JPEG estimating file size

JPEG estimating file size - image

I'm writing an application that needs to compress and scale an image before sending it as an mms which has a maximum file size of 600kb. I'm looking for an algorithm that will help estimate the maximum surface area of a jpeg with a file size < 600kb that accounts for a reduction in quality by some percent between. Thanks.

The compression ratio gotten for a specific quality level is pretty consistent. For example, you may find that at a quality level of 80 with color subsampling, you get 14:1 compression. You can do some tests with your JPEG encoder at various quality levels to see the compression ratio achieved and then work backwards to find the largest image size you can compress for a given quality level.

Related

Image file size to area ratio

I'm writing a tool to detect images on our website that should be flagged for manual intervention to reduce file size. If a "large" image is 100K that might be fine, but if a "small" image is 100K, someone forgot to flatten it or compress it.
I'm looking at the "file density" of an image as the ratio filesize/(height x width). Is there a term for this? Is there some guidance about what a reasonable range for this density should be, so that I can flag images? Or am I thinking about this wrong?

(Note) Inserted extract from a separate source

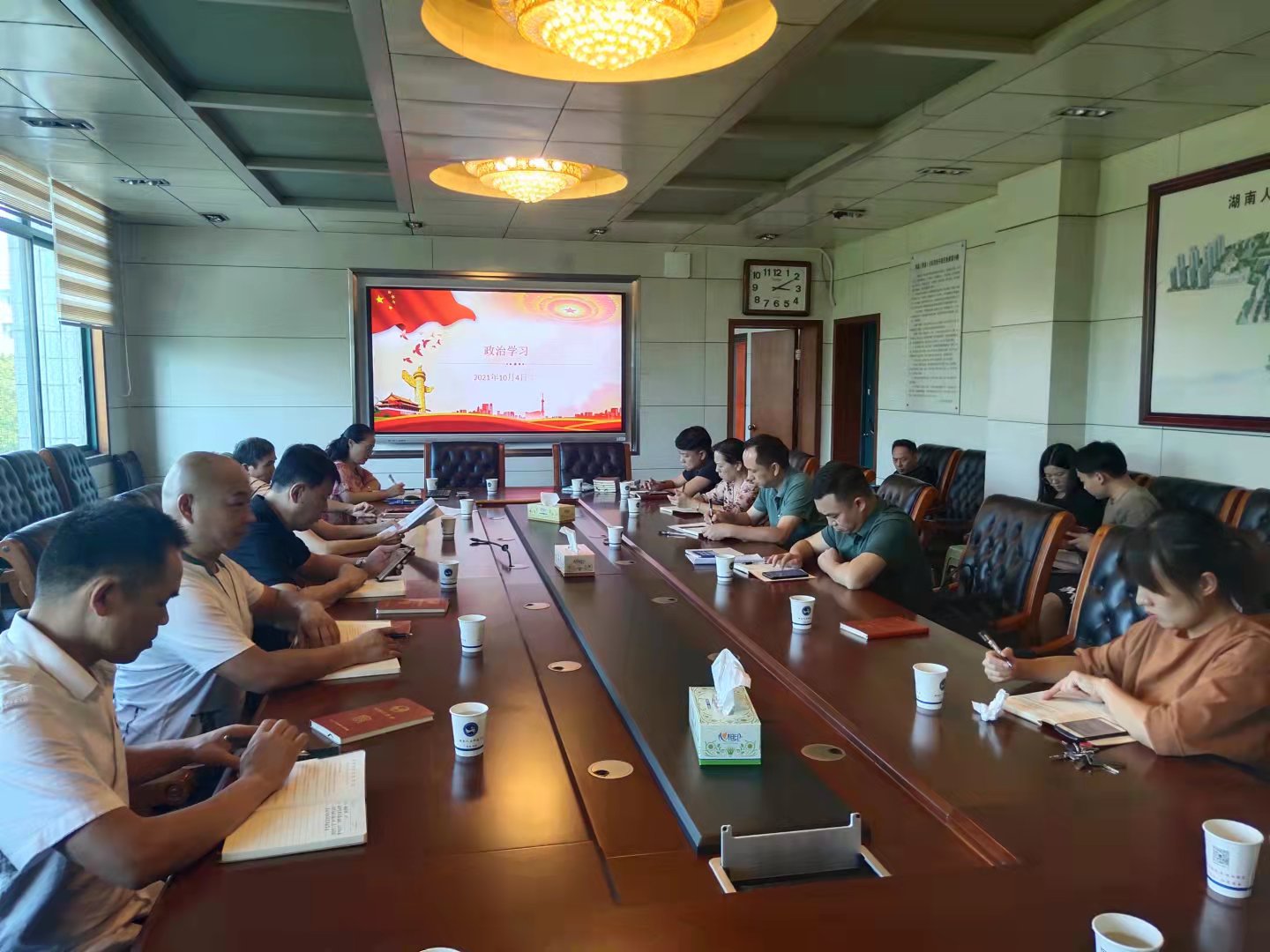 10月4日下午,党政办党支部政治学习暨巡察问题整改工作部署会在明德楼第一会议室召开。党政办主任易俊就巡察问题整改工作作动员部署,督查处干部杨丽英领学,党政办副主任彭正华主持会议。党政办和督查处全体干部职工参加会议。

Yes, if the file size is given in bits, then that fraction is known as the bitrate in bits per pixel (bpp) - as sascha points out. For example, an uncompressed image is usually 24 bit (8bit/channel * 3 channels (r,g,b)). Anything at this or higher bitrates is (most often) not compressed.
In general, lossless compression can be achieved at bitrates of about 12bpp (a 2:1 compression ratio). Normally you can aim at much lower bitrates (e.g., 1 bit per pixel, 24:1 compression ratio) and expect decent quality, but it'll depend on the images you're dealing with.

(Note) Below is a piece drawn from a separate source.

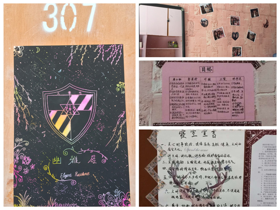 金融学院17级金融7班公寓12栋307舍,在公司严格的卫生宿舍评比中脱颖而出,并在领导的支持下以该宿舍为模板打造校级卫生样板间。此次观摩,深获员工处领导及各公司党总支书记认同,并获得相应表彰。明之尚美,馨德亦缘。307室的同学们秉持此道,规范自我,提倡勤俭节约,并将其落至实处。在班长及宿舍长的带领下,成员们力争上游,互相督促,发奋图强,平均绩点高达3.5。与此同时,该宿舍成员和睦相处,互帮互助,打造了属于其自身的宿舍文化,比如宿舍舍徽、宿舍公约、寝室宣言、目标墙、照片墙等等,营造了温馨和谐的生活氛围以及干净舒适的生活环境。

Uncertainty in L,a,b space of compressed JPEG images

My team wish to calculate the contrast between two photographs taken in a wet environment.
We will calculate contrast using the formula
Contrast = SQRT((ΔL)^2 + (Δa)^2 + (Δb)^2)
where ΔL is the difference in luminosity, Δa is the difference in (redness-greeness) and Δb is (yellowness-blueness), which are the dimensions of Lab space.
Our (so far successful) approach has been to convert each pixel from RGB to Lab space, and taking the mean values of the relevant sections of the image as our A and B variables.
However the environment limits us to using a (waterproof) GoPro camera which compresses images to JPEG format, rather than saving as TIFF, so we are not using a true-colour image.
We now need to quantify the uncertainty in the contrast - for which we need to know the uncertainty in A and B and by extension the uncertainties (or mean/typical uncertainty) in each a and b value for each RGB pixel. We can calculate this only if we know the typical/maximum uncertainty produced when converting from true-colour to JPEG.
Therefore we need to know the maximum possible difference in each of the RGB channels when saving in JPEG format.
EG. if true colour RGB pixel (5, 7, 9) became (2, 9, 13) after compression the uncertainty in each channel would be (+/- 3, +/- 2, +/- 4).
We believe that the camera compresses colour in the aspect ratio 4:2:0 - is there a way to test this?
However our main question is; is there any way of knowing the maximum possible error in each channel, or calculating the uncertainty from the compressed RGB result?
Note: We know it is impossible to convert back from JPEG to TIFF as JPEG compression is lossy. We merely need to quantify the extent of this loss on colour.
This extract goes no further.